● Material provided:
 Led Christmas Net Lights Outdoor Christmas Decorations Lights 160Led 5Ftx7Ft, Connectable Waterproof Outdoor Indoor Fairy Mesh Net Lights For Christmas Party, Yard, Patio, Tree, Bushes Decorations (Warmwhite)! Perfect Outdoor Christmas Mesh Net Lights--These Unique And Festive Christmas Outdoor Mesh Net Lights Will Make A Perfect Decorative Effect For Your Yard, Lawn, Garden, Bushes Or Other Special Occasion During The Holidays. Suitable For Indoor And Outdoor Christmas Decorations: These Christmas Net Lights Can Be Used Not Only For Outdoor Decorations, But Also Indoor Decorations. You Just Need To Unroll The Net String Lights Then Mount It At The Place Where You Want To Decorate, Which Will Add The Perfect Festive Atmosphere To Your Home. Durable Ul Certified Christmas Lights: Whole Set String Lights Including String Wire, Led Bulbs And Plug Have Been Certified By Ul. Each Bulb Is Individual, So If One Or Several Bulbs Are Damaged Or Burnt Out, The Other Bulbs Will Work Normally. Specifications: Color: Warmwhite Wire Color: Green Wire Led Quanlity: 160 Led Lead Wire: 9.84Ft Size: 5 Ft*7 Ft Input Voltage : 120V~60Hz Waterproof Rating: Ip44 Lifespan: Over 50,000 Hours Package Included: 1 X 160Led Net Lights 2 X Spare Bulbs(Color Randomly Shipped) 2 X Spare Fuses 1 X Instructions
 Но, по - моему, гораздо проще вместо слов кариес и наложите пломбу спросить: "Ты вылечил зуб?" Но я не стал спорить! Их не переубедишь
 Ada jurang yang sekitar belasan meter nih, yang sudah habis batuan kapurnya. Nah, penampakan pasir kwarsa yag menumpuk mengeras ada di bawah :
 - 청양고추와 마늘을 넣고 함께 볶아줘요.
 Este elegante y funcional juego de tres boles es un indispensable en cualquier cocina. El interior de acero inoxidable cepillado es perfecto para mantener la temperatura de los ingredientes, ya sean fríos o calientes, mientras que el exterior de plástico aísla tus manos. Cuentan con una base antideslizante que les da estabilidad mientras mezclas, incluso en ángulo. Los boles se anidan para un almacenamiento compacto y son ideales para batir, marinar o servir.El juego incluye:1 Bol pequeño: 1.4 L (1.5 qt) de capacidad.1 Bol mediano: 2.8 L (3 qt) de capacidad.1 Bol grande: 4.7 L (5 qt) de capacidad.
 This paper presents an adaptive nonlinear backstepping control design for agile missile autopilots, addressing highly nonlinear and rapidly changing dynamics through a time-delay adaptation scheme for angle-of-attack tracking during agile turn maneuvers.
* * *
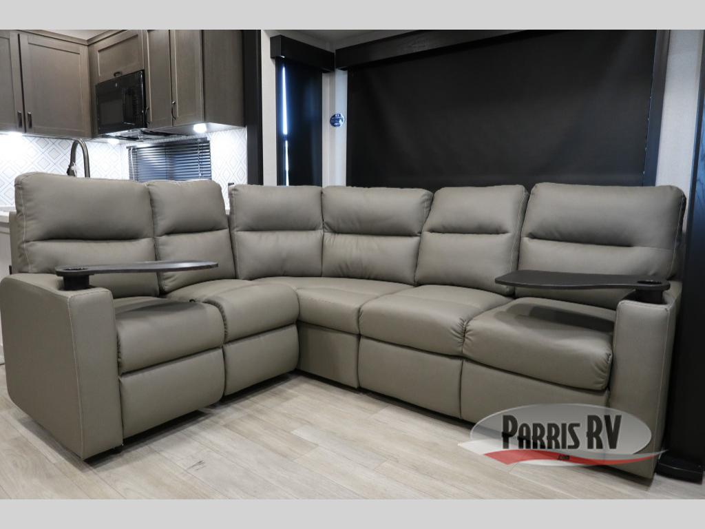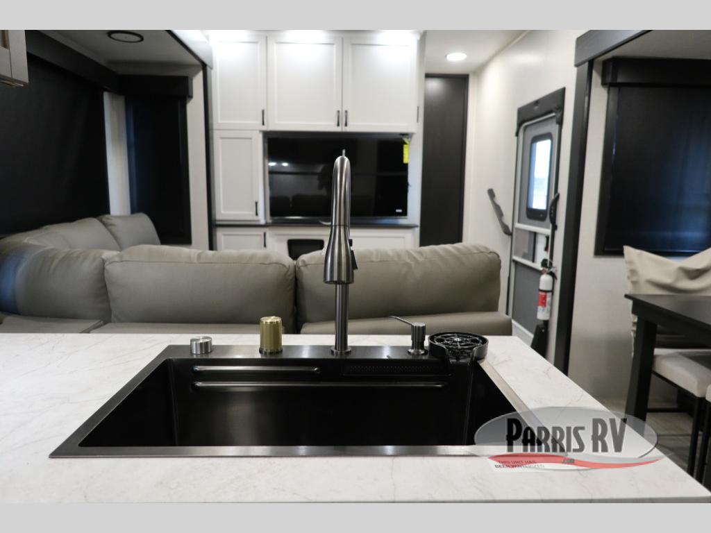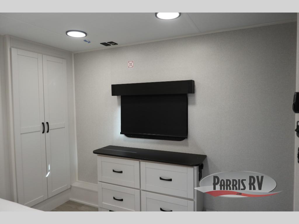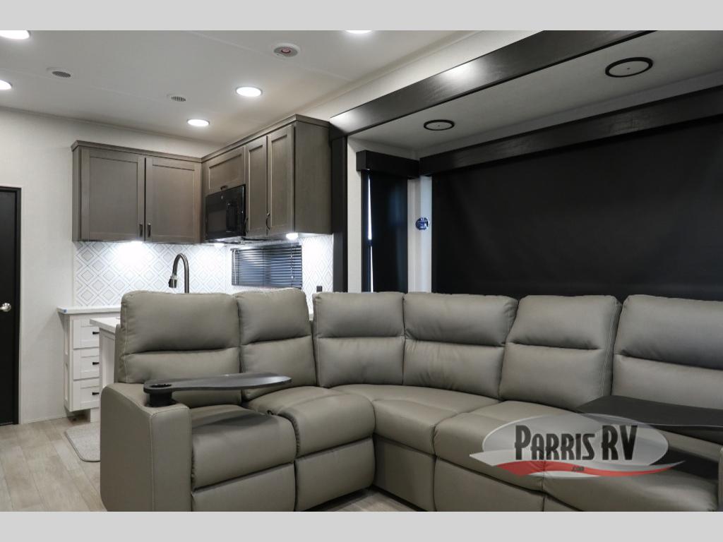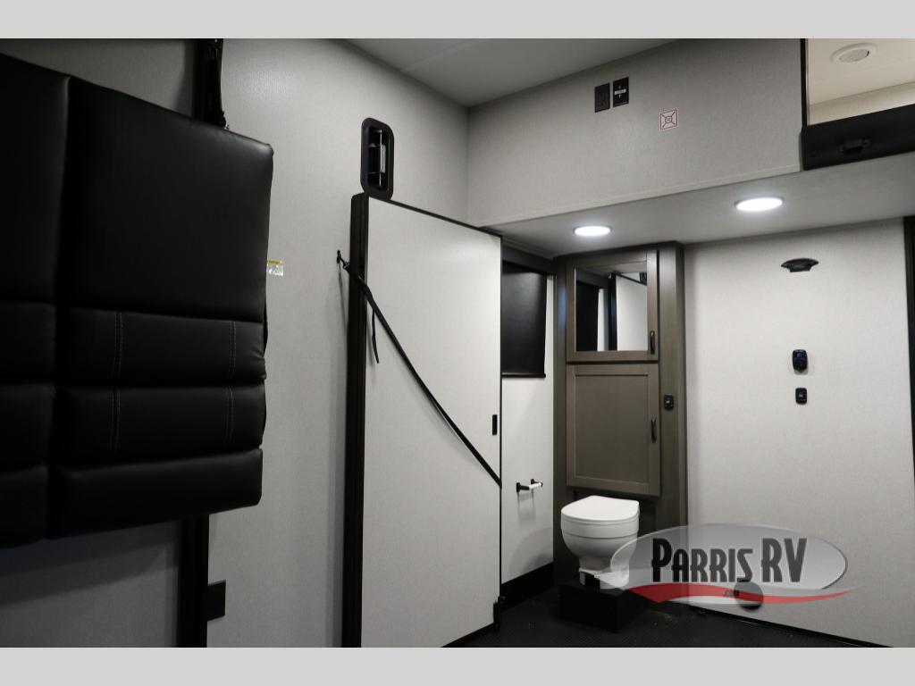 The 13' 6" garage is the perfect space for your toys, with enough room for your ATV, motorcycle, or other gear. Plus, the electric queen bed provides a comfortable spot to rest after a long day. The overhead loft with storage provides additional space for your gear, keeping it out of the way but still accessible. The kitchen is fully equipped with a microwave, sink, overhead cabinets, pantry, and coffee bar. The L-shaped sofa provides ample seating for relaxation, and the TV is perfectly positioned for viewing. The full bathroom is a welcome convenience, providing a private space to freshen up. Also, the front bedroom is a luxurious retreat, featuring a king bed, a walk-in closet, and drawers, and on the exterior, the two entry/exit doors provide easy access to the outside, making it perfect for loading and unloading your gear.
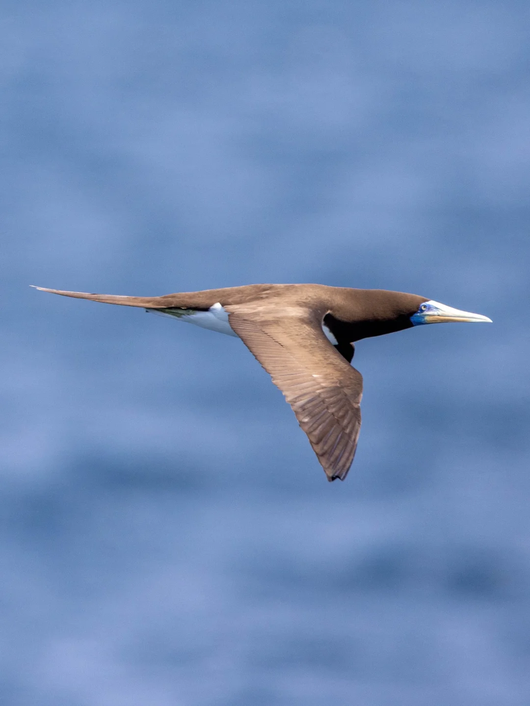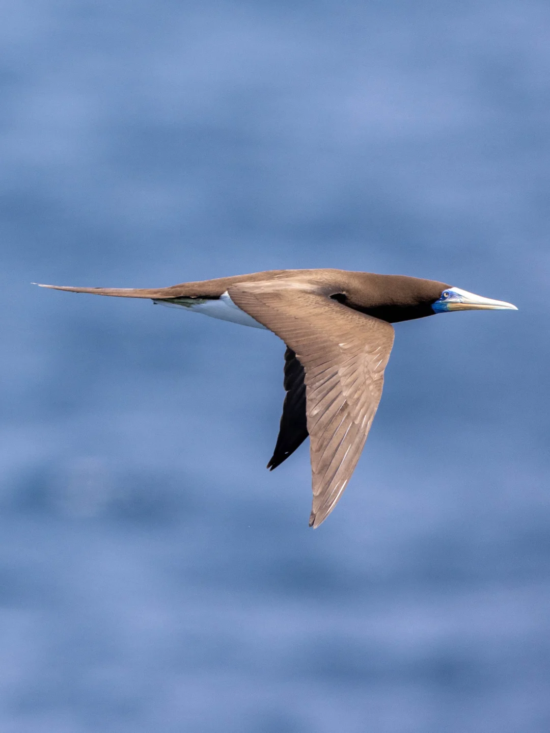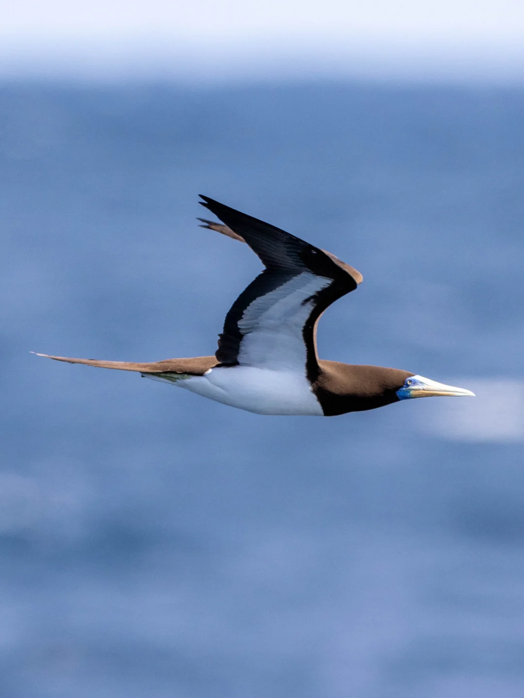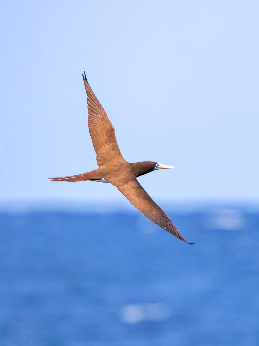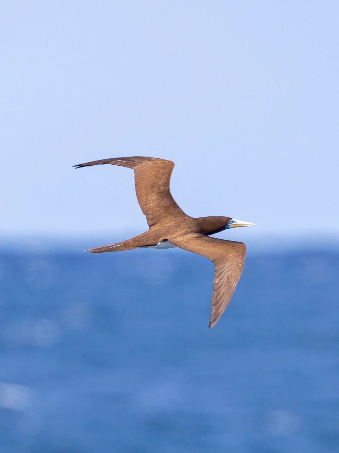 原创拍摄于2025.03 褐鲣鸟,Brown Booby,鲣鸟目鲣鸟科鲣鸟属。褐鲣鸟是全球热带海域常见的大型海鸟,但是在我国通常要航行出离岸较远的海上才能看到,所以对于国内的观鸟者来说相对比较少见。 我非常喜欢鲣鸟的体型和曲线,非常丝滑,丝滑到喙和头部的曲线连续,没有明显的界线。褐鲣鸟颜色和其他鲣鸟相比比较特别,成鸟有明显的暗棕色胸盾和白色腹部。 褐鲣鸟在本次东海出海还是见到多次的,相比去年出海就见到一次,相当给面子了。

● What is required:
Looking back over the data above, restate word for word the lines that begin at the line with "Led Christmas Net" and end at the line with "- 청양고추와 마늘을 넣고 함께 볶아줘요.", inclusive.

● Answer below:
 Led Christmas Net Lights Outdoor Christmas Decorations Lights 160Led 5Ftx7Ft, Connectable Waterproof Outdoor Indoor Fairy Mesh Net Lights For Christmas Party, Yard, Patio, Tree, Bushes Decorations (Warmwhite)! Perfect Outdoor Christmas Mesh Net Lights--These Unique And Festive Christmas Outdoor Mesh Net Lights Will Make A Perfect Decorative Effect For Your Yard, Lawn, Garden, Bushes Or Other Special Occasion During The Holidays. Suitable For Indoor And Outdoor Christmas Decorations: These Christmas Net Lights Can Be Used Not Only For Outdoor Decorations, But Also Indoor Decorations. You Just Need To Unroll The Net String Lights Then Mount It At The Place Where You Want To Decorate, Which Will Add The Perfect Festive Atmosphere To Your Home. Durable Ul Certified Christmas Lights: Whole Set String Lights Including String Wire, Led Bulbs And Plug Have Been Certified By Ul. Each Bulb Is Individual, So If One Or Several Bulbs Are Damaged Or Burnt Out, The Other Bulbs Will Work Normally. Specifications: Color: Warmwhite Wire Color: Green Wire Led Quanlity: 160 Led Lead Wire: 9.84Ft Size: 5 Ft*7 Ft Input Voltage : 120V~60Hz Waterproof Rating: Ip44 Lifespan: Over 50,000 Hours Package Included: 1 X 160Led Net Lights 2 X Spare Bulbs(Color Randomly Shipped) 2 X Spare Fuses 1 X Instructions
 Но, по - моему, гораздо проще вместо слов кариес и наложите пломбу спросить: "Ты вылечил зуб?" Но я не стал спорить! Их не переубедишь
 Ada jurang yang sekitar belasan meter nih, yang sudah habis batuan kapurnya. Nah, penampakan pasir kwarsa yag menumpuk mengeras ada di bawah :
 - 청양고추와 마늘을 넣고 함께 볶아줘요.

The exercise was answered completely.